##### Supplied data

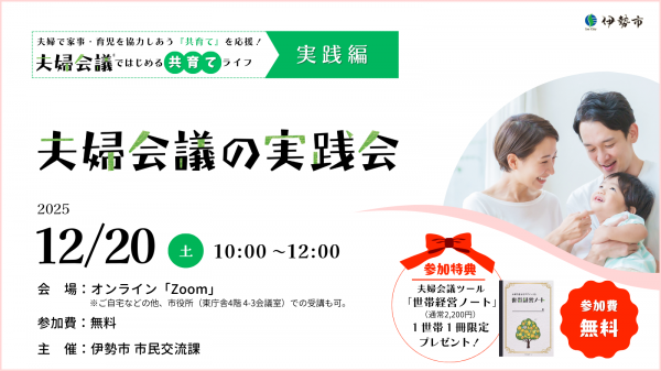 パパ&ママのための「夫婦会議の体験講座」|12/6(土)@オンライン
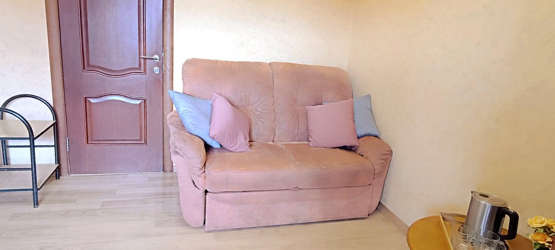 Уютный семейный номер, площадью 16м2, состоит из коридора, комнаты и санузла. Номера данной категории расположены на 3 этаже. На верхние этажи подняться можно только по лестнице. Номер оснащен двуспальной и раскладным диваном (140*200), тумбочками, шкафом для одежды, туалетным столиком с зеркалом, мини-холодильником, кондиционером, телевизором с плоским экраном, чайником. Санузел совмещенный с душевой кабиной. Номер укомплектован постельным бельем, полотенцами, тапочками, мыльными принадлежностями.Услуги и удобства
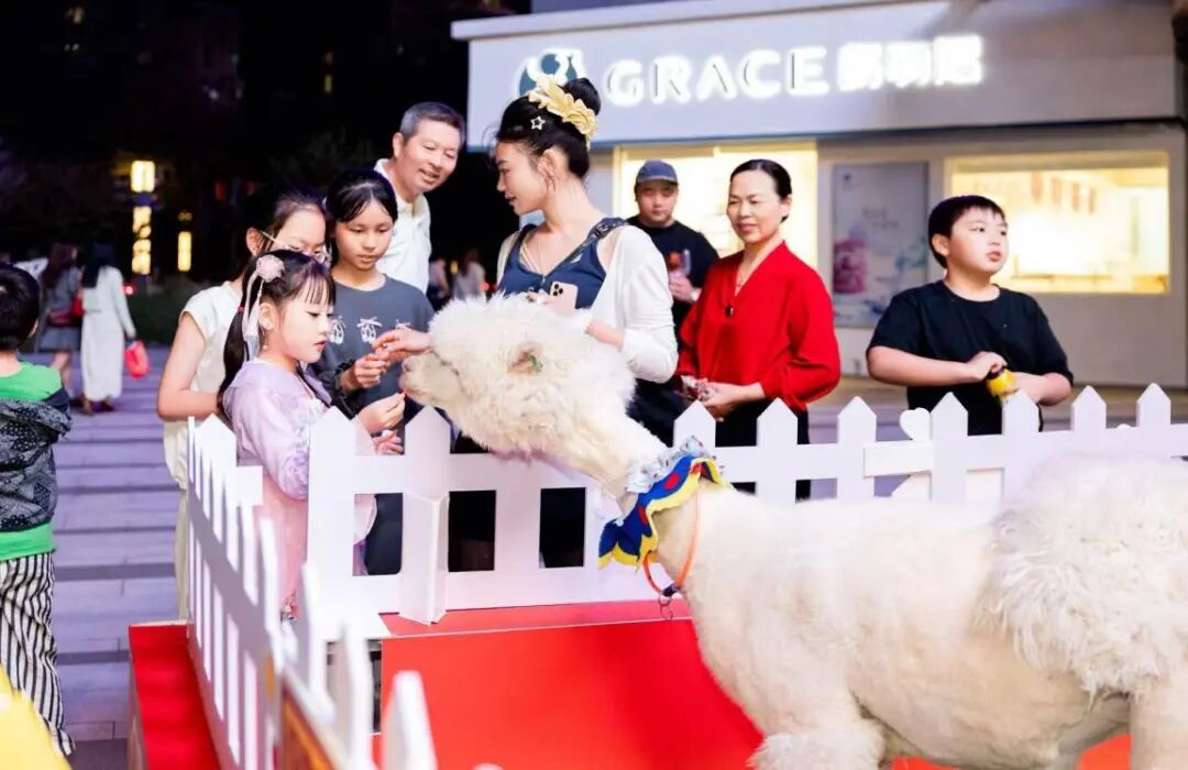 本次活動中,溫順的羊駝與憨厚的奶牛再度亮相寶龍、射陽體驗館,成為吸引家庭客流的“流量密碼”。孩子們在家長的陪伴下,與這些可愛的動物朋友親密接觸、拍照打卡,現(xiàn)場歡聲笑語不斷。熟悉的動物互動環(huán)節(jié)不僅成功營造了歡樂祥和的節(jié)日氛圍,更顯著增強(qiáng)了線下活動的吸引力與參與感,讓購物體驗超越了簡單的買賣,升級為一場溫馨的親子嘉年華。
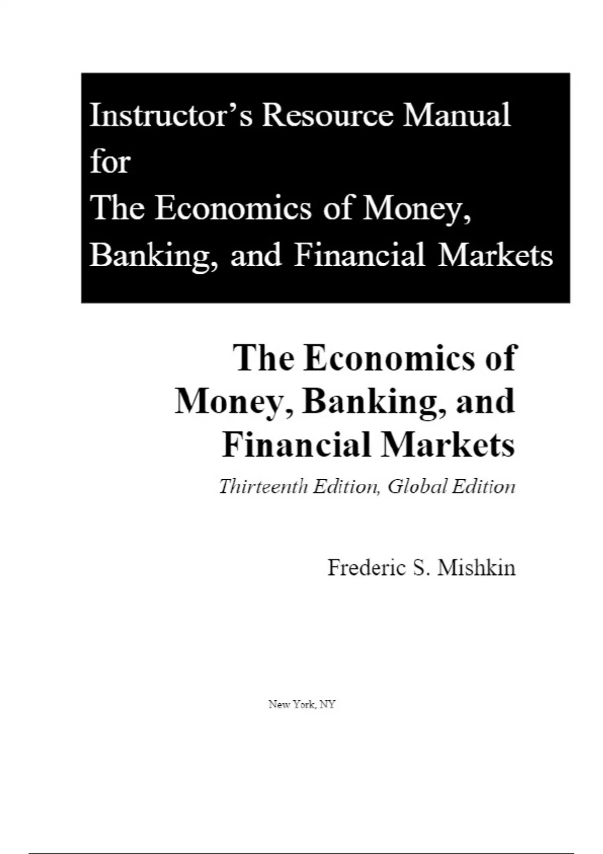 Solution Manual for The Economics Of Money Banking And Financial Markets 13th Global Edition Frederic Mishkin
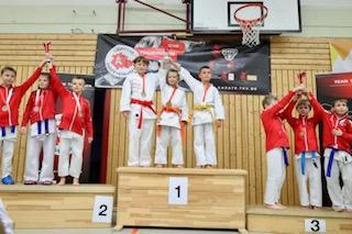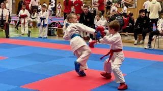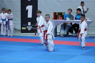 Die Aufregung bei den Kindern und vor allem den mitgereisten Eltern auf der Tribüne war entsprechend groß. In den Disziplinen Kata (Bewegungsformen) und dem Jiyu-Kumite (Freikampf) ging es im Einzel und im Team um die Medaillen.
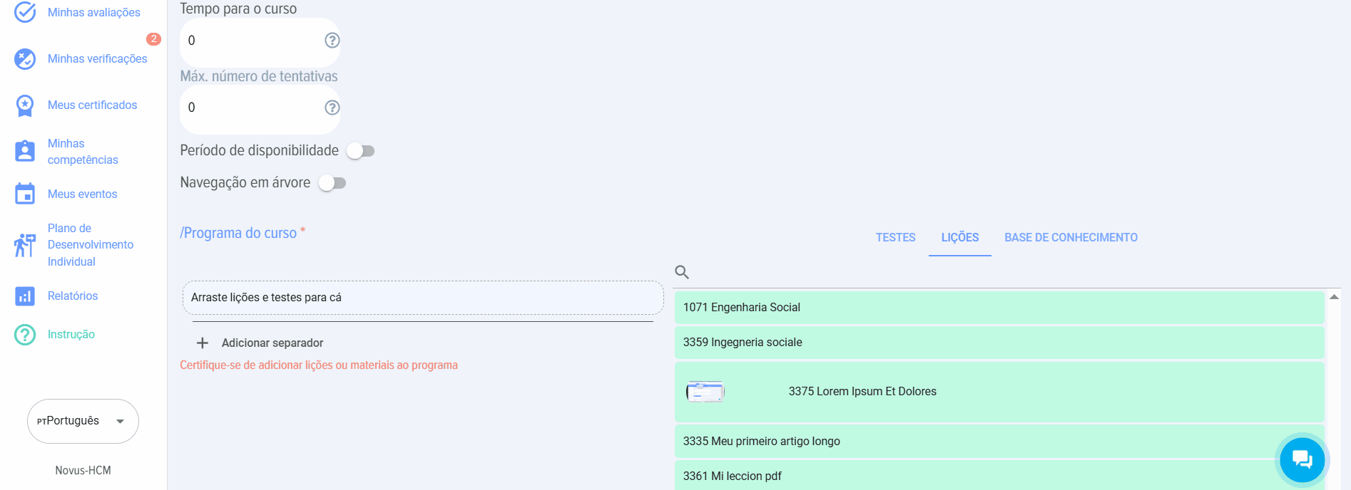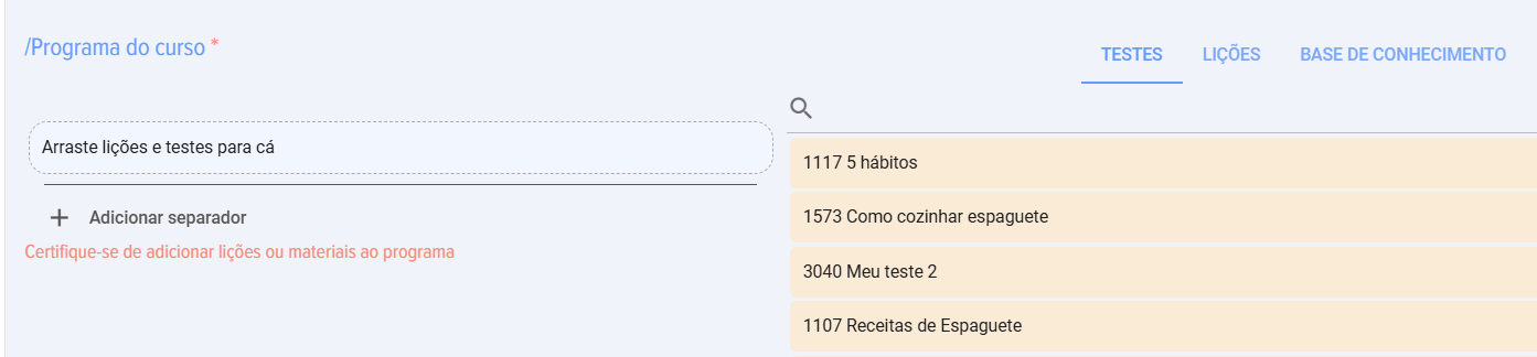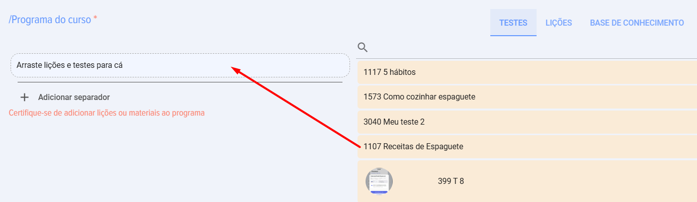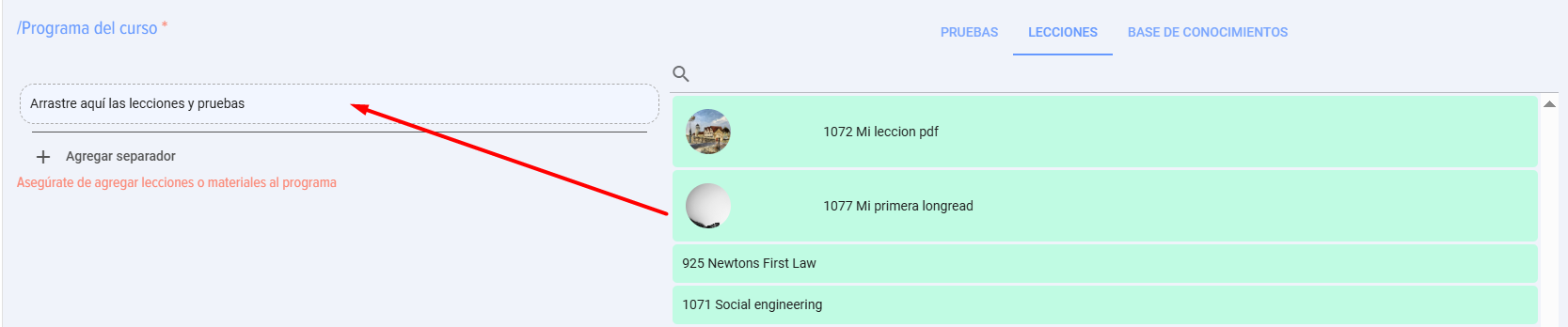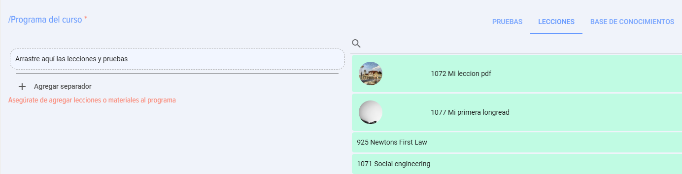 - Arrastre las lecciones/pruebas/materiales al área "Program del curso", en el campo "Arrastre aquí las lecciones y pruebas" y suéltelos. Asegúrese de que Lección/Test apareció en la columna "Program del curso".

##########

_What you are asked to do_
Omit the pictures; print the records above exactly.

_Answer space_
 パパ&ママのための「夫婦会議の体験講座」|12/6(土)@オンライン
 Уютный семейный номер, площадью 16м2, состоит из коридора, комнаты и санузла. Номера данной категории расположены на 3 этаже. На верхние этажи подняться можно только по лестнице. Номер оснащен двуспальной и раскладным диваном (140*200), тумбочками, шкафом для одежды, туалетным столиком с зеркалом, мини-холодильником, кондиционером, телевизором с плоским экраном, чайником. Санузел совмещенный с душевой кабиной. Номер укомплектован постельным бельем, полотенцами, тапочками, мыльными принадлежностями.Услуги и удобства
 本次活動中,溫順的羊駝與憨厚的奶牛再度亮相寶龍、射陽體驗館,成為吸引家庭客流的“流量密碼”。孩子們在家長的陪伴下,與這些可愛的動物朋友親密接觸、拍照打卡,現(xiàn)場歡聲笑語不斷。熟悉的動物互動環(huán)節(jié)不僅成功營造了歡樂祥和的節(jié)日氛圍,更顯著增強(qiáng)了線下活動的吸引力與參與感,讓購物體驗超越了簡單的買賣,升級為一場溫馨的親子嘉年華。
 Solution Manual for The Economics Of Money Banking And Financial Markets 13th Global Edition Frederic Mishkin
 Die Aufregung bei den Kindern und vor allem den mitgereisten Eltern auf der Tribüne war entsprechend groß. In den Disziplinen Kata (Bewegungsformen) und dem Jiyu-Kumite (Freikampf) ging es im Einzel und im Team um die Medaillen.
 - Arrastre las lecciones/pruebas/materiales al área "Program del curso", en el campo "Arrastre aquí las lecciones y pruebas" y suéltelos. Asegúrese de que Lección/Test apareció en la columna "Program del curso".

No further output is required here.